**Task requirements**: Transcribe all the records exactly and omit any images they hold.
------------------------------------------------------------
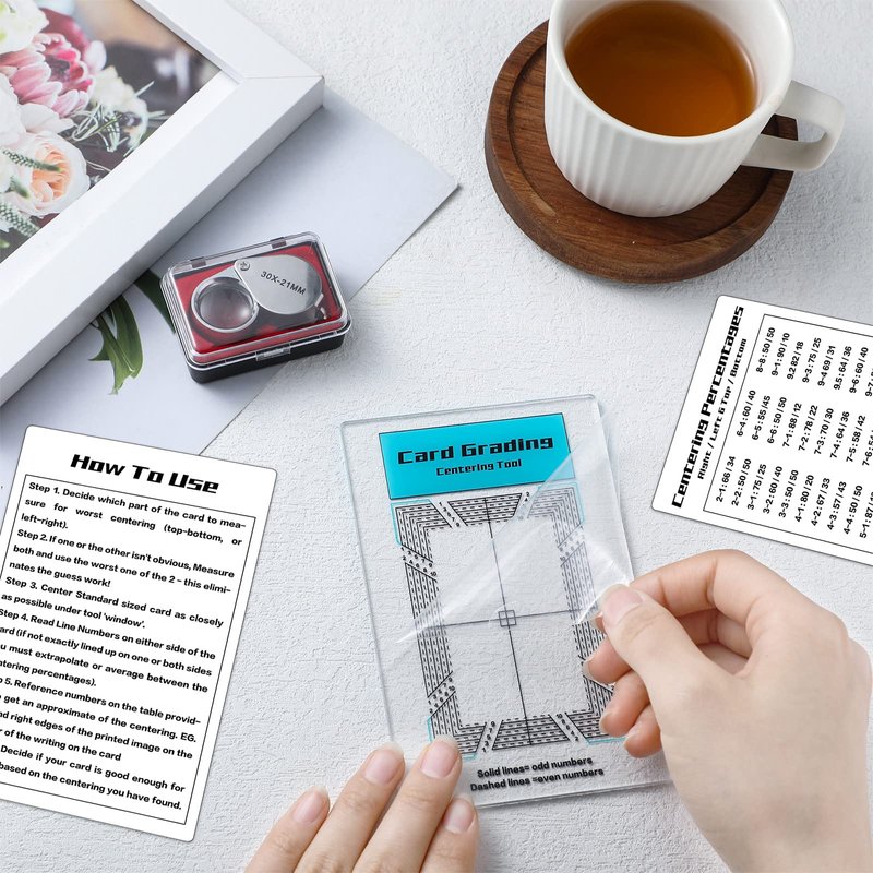 - Easy to Use: the card tool kit is included a centering guide, so just place it on the card you want to check to measure, then refer to the centering tool percentage guide, so you can check centering from left to right and top to bottom Condition
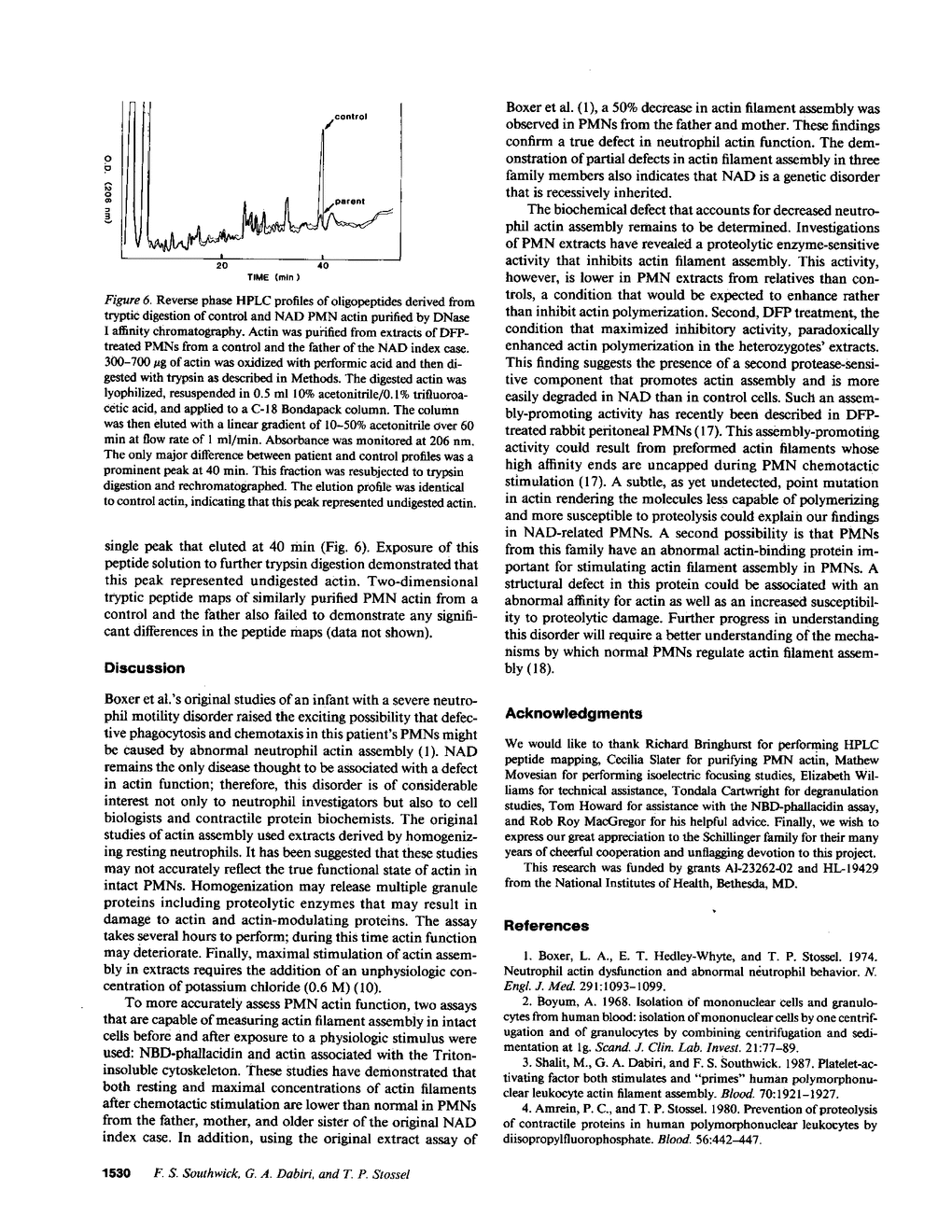 A male infant with a severe neutrophil motility disorder and poorly polymerizable actin in PMN extracts was reported over a decade ago to have neutrophil actin dysfunction (NAD) (1974. N. Engl. J. Med. 291:1093-1099). Polymerized actin (F-actin) content of fixed and permeabilized intact neutrophils from the father, mother, and sister of the NAD index case have been measured using nitrobenzoxadiazole-phallacidin, a fluorescent compound which binds specifically to actin filaments. F-actin content of unstimulated PMN from all three family members was significantly lower than unstimulated control PMN (mean 23.6 +/- 0.4 SEM fluorescent units vs. 32.6 +/- 0.6 for controls). After stimulation with the chemotactic peptide FMLP, maximal F-actin content of NAD family member PMN was below that of controls (52.7 +/- 1.3 vs. 72.6 +/- 1.8). F-actin content of detergent insoluble cytoskeletons after stimulation with FMLP was also significantly lower in PMN from NAD family members as compared with controls (21 +/- 6% vs. 73 +/- 8%). PMN extracts from the father and mother, when treated with 0.6 M KCl, polymerized half as much actin as controls. Whereas diisopropylfluorophosphate treatment of normal PMN decreased actin polymerizability in cell extracts, this treatment increased the assembly of actin in parental PMN extract. Addition of purified actin to NAD extracts failed to reveal an abnormal actin polymerization inhibitory activity, and no obvious structural defect in actin purified from the father's PMNs was noted by HPLC and two dimensional thin layer chromatography of tryptic digests. The present studies of actin assembly in intact PMNs confirm that NAD is associated with a true defect in PMN actin assembly and is a genetic disorder that is recessively inherited.
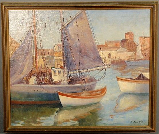 Painting of boats in a village harbor
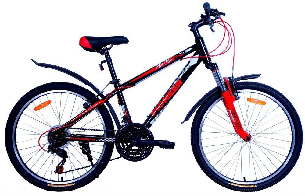 Размер колеса: 24"Назначение: ПОДРОСТКОВЫЕТип: ГОРНЫЙРазмер рамы: 12"Материал рамы: стальКоличество скоростей: 21Серия переключателей скоростей: PIONEERВилка: амортизирующая, GOODТормоза передние/задние: V-brake/V-brakeПокрышки: PIONEER, 24"x2,125",матовая краска
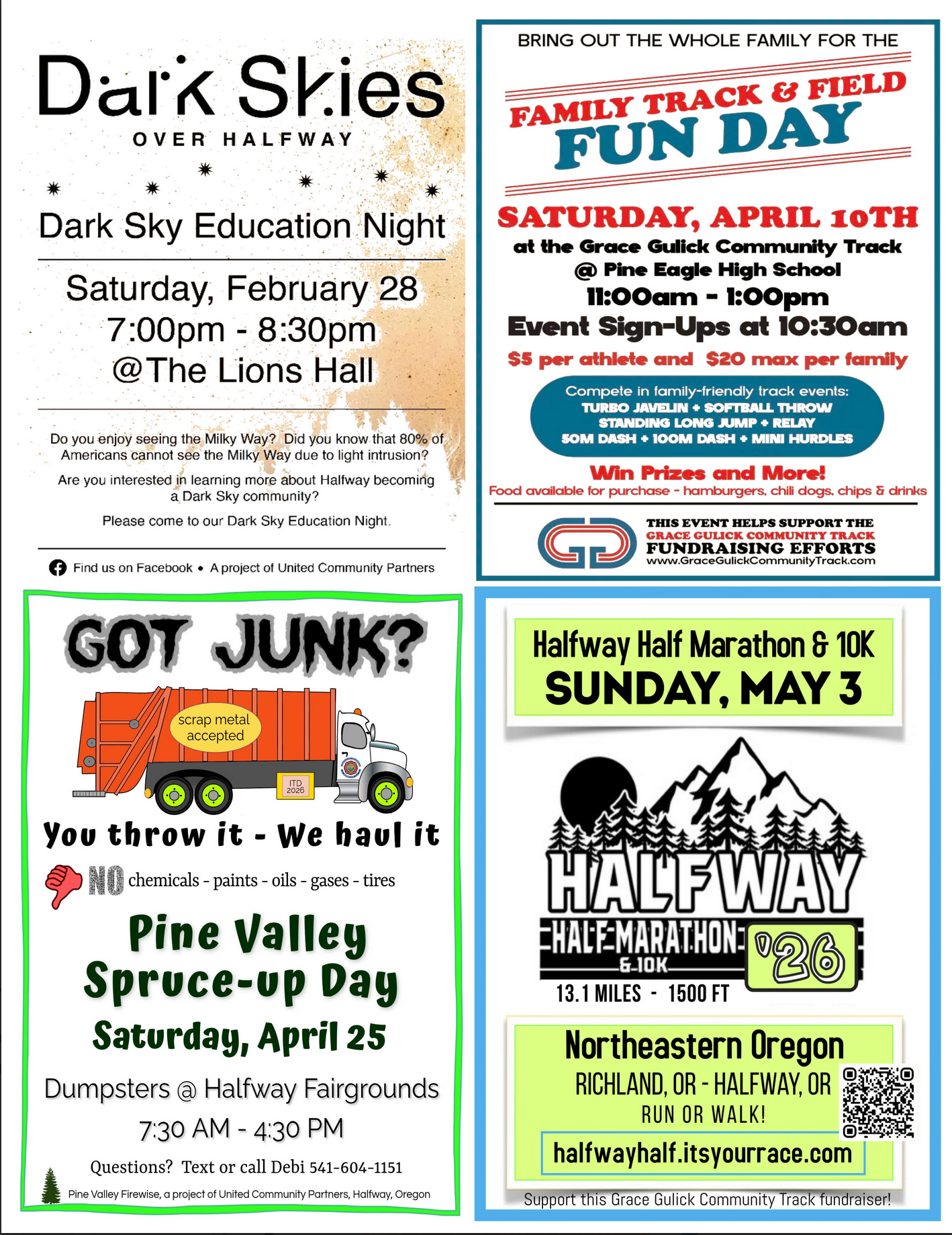 “Thank you to all the volunteers: Halfway Main Street Committee, Hells Canyon Chambers, Pine Valley 2050, United Community Partners Inc., Panhandle Snowmobile Club for our “Tree”, Marvin and Pam Brisk bringing in Santa, Cornucopia Arts Council for Santa’s Stage, Pine Valley Fairgrounds Christmas treats, Lions Club for hot drinks!
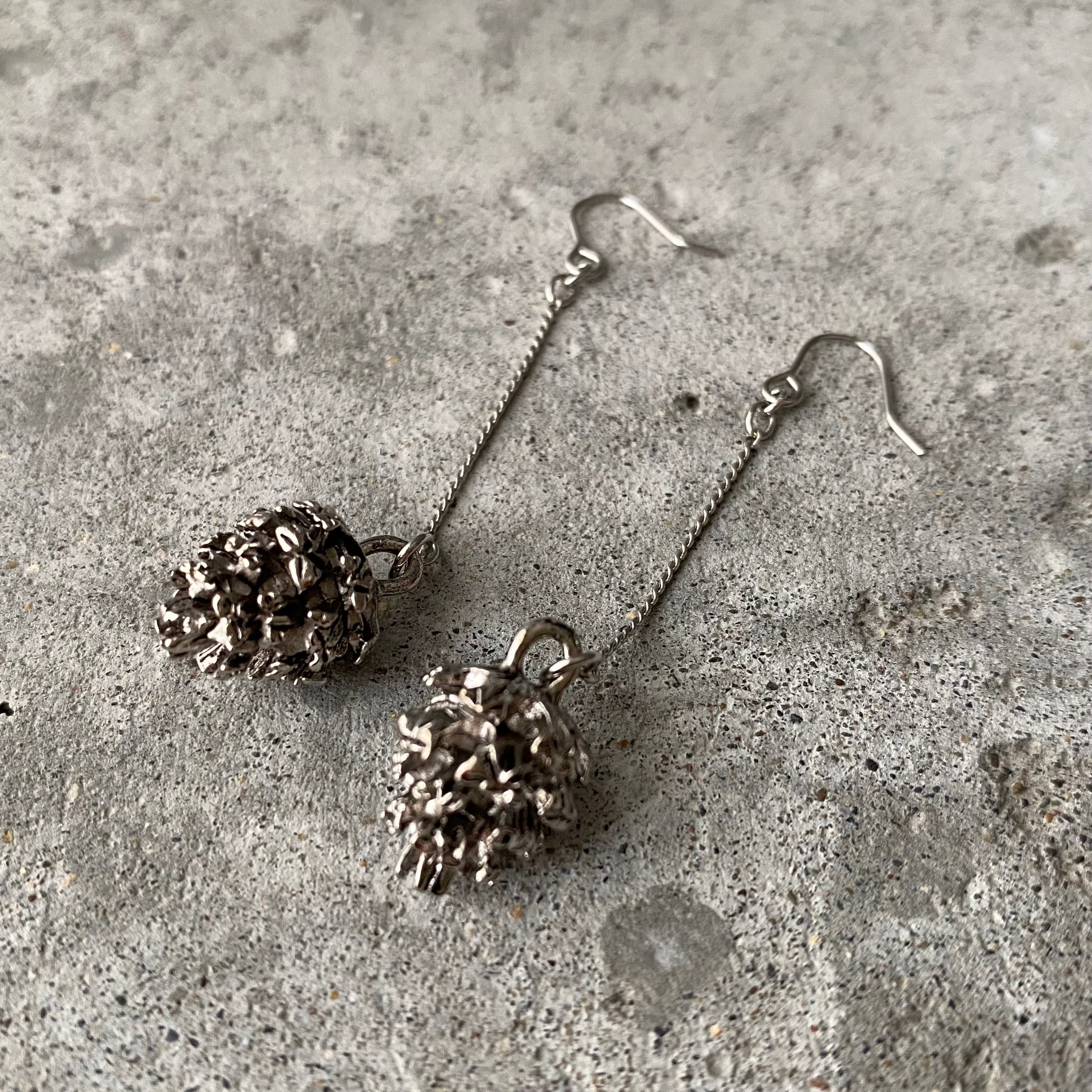 ゆらゆらと揺れ動くレトロ可愛い「松ぼっくり」のヴィンテージピアス。スタイリングのアクセントにおすすめです。
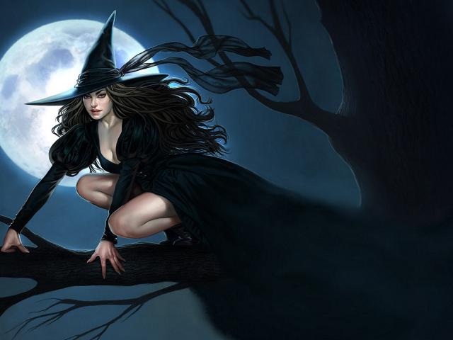 Wallpaper Witch in the tree under the moon
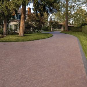 Les couleurs des dalles ont été choisies pour s’harmoniser avec la brique de la maison. Le pavage sert ainsi de lien visuel entre l’architecture et l’aménagement extérieur.
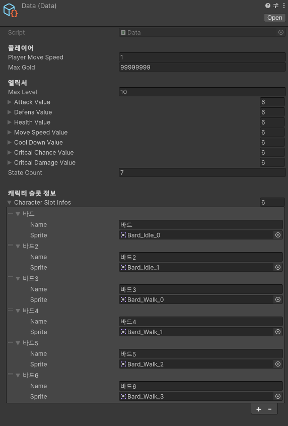 위에 처럼 이름이랑 넣은 기본 이미지가 적용되서 캐릭터 슬롯이 만들어짐
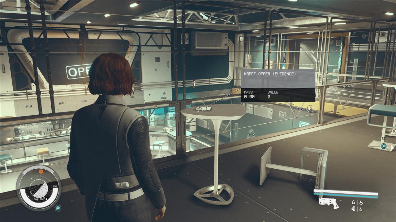 If, like me, you already find yourself frequenting The Den to sell your wares to the Trade Authority, you’ll be pleased to hear there is some evidence you can grab next time you swing by. Once you exit your ship, move directly forward to the tables overlooking the bar. On the central table, you can pick up the Kreet Offer (Evidence) text log.
------------------------------------------------------------
**Expected answer**:
 - Easy to Use: the card tool kit is included a centering guide, so just place it on the card you want to check to measure, then refer to the centering tool percentage guide, so you can check centering from left to right and top to bottom Condition
 A male infant with a severe neutrophil motility disorder and poorly polymerizable actin in PMN extracts was reported over a decade ago to have neutrophil actin dysfunction (NAD) (1974. N. Engl. J. Med. 291:1093-1099). Polymerized actin (F-actin) content of fixed and permeabilized intact neutrophils from the father, mother, and sister of the NAD index case have been measured using nitrobenzoxadiazole-phallacidin, a fluorescent compound which binds specifically to actin filaments. F-actin content of unstimulated PMN from all three family members was significantly lower than unstimulated control PMN (mean 23.6 +/- 0.4 SEM fluorescent units vs. 32.6 +/- 0.6 for controls). After stimulation with the chemotactic peptide FMLP, maximal F-actin content of NAD family member PMN was below that of controls (52.7 +/- 1.3 vs. 72.6 +/- 1.8). F-actin content of detergent insoluble cytoskeletons after stimulation with FMLP was also significantly lower in PMN from NAD family members as compared with controls (21 +/- 6% vs. 73 +/- 8%). PMN extracts from the father and mother, when treated with 0.6 M KCl, polymerized half as much actin as controls. Whereas diisopropylfluorophosphate treatment of normal PMN decreased actin polymerizability in cell extracts, this treatment increased the assembly of actin in parental PMN extract. Addition of purified actin to NAD extracts failed to reveal an abnormal actin polymerization inhibitory activity, and no obvious structural defect in actin purified from the father's PMNs was noted by HPLC and two dimensional thin layer chromatography of tryptic digests. The present studies of actin assembly in intact PMNs confirm that NAD is associated with a true defect in PMN actin assembly and is a genetic disorder that is recessively inherited.
 Painting of boats in a village harbor
 Размер колеса: 24"Назначение: ПОДРОСТКОВЫЕТип: ГОРНЫЙРазмер рамы: 12"Материал рамы: стальКоличество скоростей: 21Серия переключателей скоростей: PIONEERВилка: амортизирующая, GOODТормоза передние/задние: V-brake/V-brakeПокрышки: PIONEER, 24"x2,125",матовая краска
 “Thank you to all the volunteers: Halfway Main Street Committee, Hells Canyon Chambers, Pine Valley 2050, United Community Partners Inc., Panhandle Snowmobile Club for our “Tree”, Marvin and Pam Brisk bringing in Santa, Cornucopia Arts Council for Santa’s Stage, Pine Valley Fairgrounds Christmas treats, Lions Club for hot drinks!
 ゆらゆらと揺れ動くレトロ可愛い「松ぼっくり」のヴィンテージピアス。スタイリングのアクセントにおすすめです。
 Wallpaper Witch in the tree under the moon
 Les couleurs des dalles ont été choisies pour s’harmoniser avec la brique de la maison. Le pavage sert ainsi de lien visuel entre l’architecture et l’aménagement extérieur.
 위에 처럼 이름이랑 넣은 기본 이미지가 적용되서 캐릭터 슬롯이 만들어짐
 If, like me, you already find yourself frequenting The Den to sell your wares to the Trade Authority, you’ll be pleased to hear there is some evidence you can grab next time you swing by. Once you exit your ship, move directly forward to the tables overlooking the bar. On the central table, you can pick up the Kreet Offer (Evidence) text log.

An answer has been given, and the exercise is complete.